Suzana Ribeiro apresentou, então, um painel que mostra o quanto o consumo de energia está associado à renda e ao desenvolvimento dos países. “No entanto, podemos e devemos questionar essa demanda. Nada mais saudável e correto se temos metas a atingir, uma vez que o atual modelo de crescimento não é sustentável”.

Os palestrantes apontaram a necessidade de maior envolvimento entre estado, setor privado, terceiro setor e sociedade civil para a construção de novos hábitos comportamentais. Segundo dados apresentados por Ashok Khosla, isso é de importância vital para os três bilhões de pessoas mais pobres, que vivem em situações precárias e resumem seus pertences a uma barraca – suas moradias. “Eles não tem acesso à água potável, à energia e cozinham em fogões rudimentares, movidos à lenha”, enfatizou.

De acordo com o Acadêmico José Goldemberg, a inovação é a grande aliada para a elaboração de uma agenda de políticas públicas. “As tecnologias leapfrogging são importantes nesse processo, pois ajudam a diminuir a necessidade do uso de energia. Sem inovação não há futuro”, pontuou.

No Brasil, a participação da energia elétrica é três vezes maior do que a média mundial, sendo aproximadamente de 13%, conforme mostrou Moacir Bertol. Até 2020, as fontes que aumentarão em participação serão a biomassa e energia eólica, em complementação às já existentes e mais utilizadas.

Em relação ao documento que faz parte do relatório final do fórum, Suzana alerta para a importância das formas de implementação do desenvolvimento sustentável, de maneira a quantificar os objetivos e as etapas intermediárias. “Metas longas podem ser ineficazes. Qual é o meio do caminho, até para podermos verificar se estamos no rumo certo?”.
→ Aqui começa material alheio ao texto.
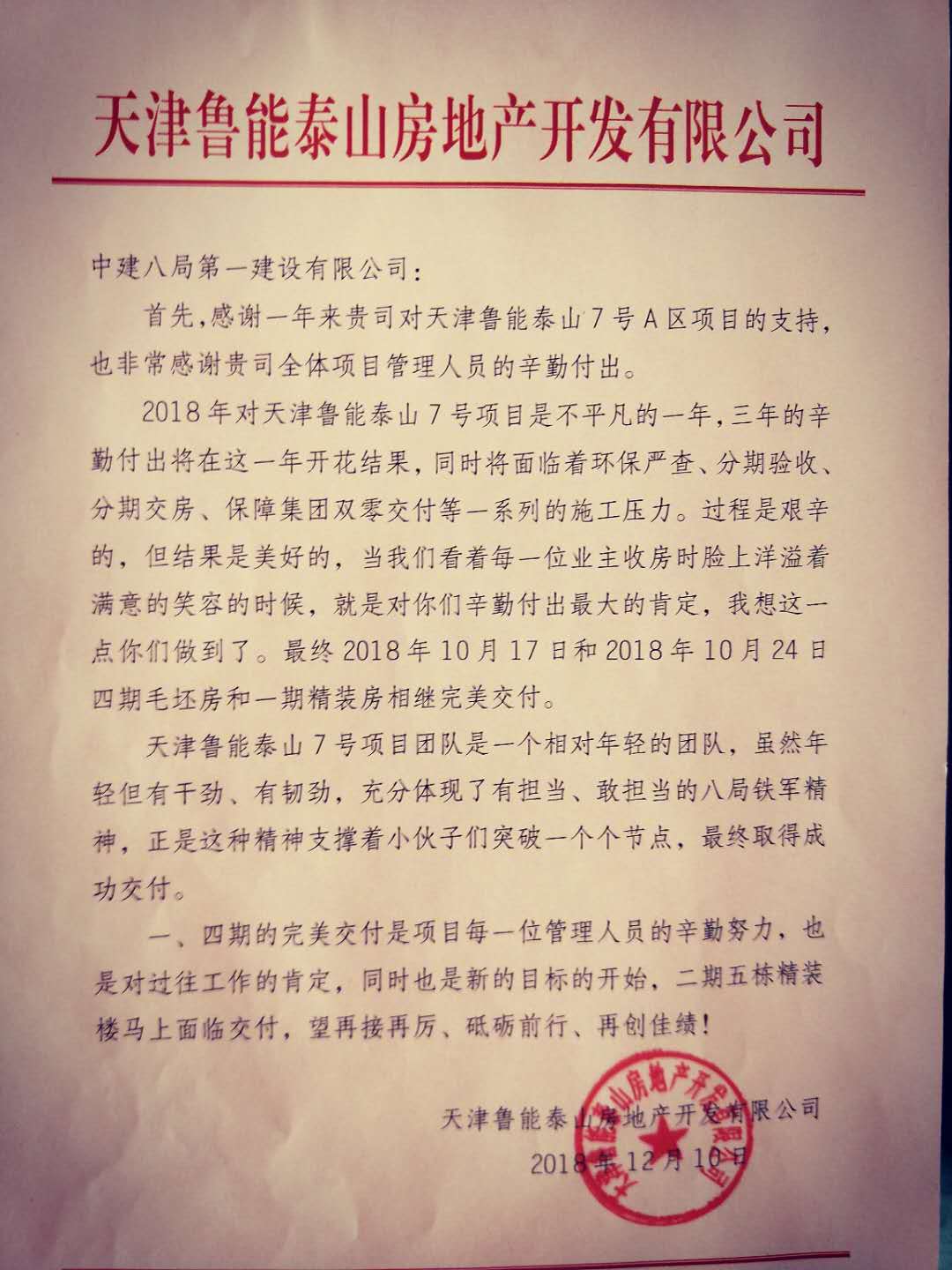 近日天津魯能泰山7號A區(qū)項目喜獲業(yè)主表揚(yáng)信。

Os presentes ainda destacaram a relevância de se coordenar as políticas energéticas com outras políticas de estado, como as de transporte e indústria. Como são fatores que permeiam diversas áreas, a integração é uma palavra-chave. “As tomadas de decisão sobre energia nunca devem ser consideradas à parte. Estamos lidando com vidas e não apenas com questões técnicas”, finalizou Goldemberg.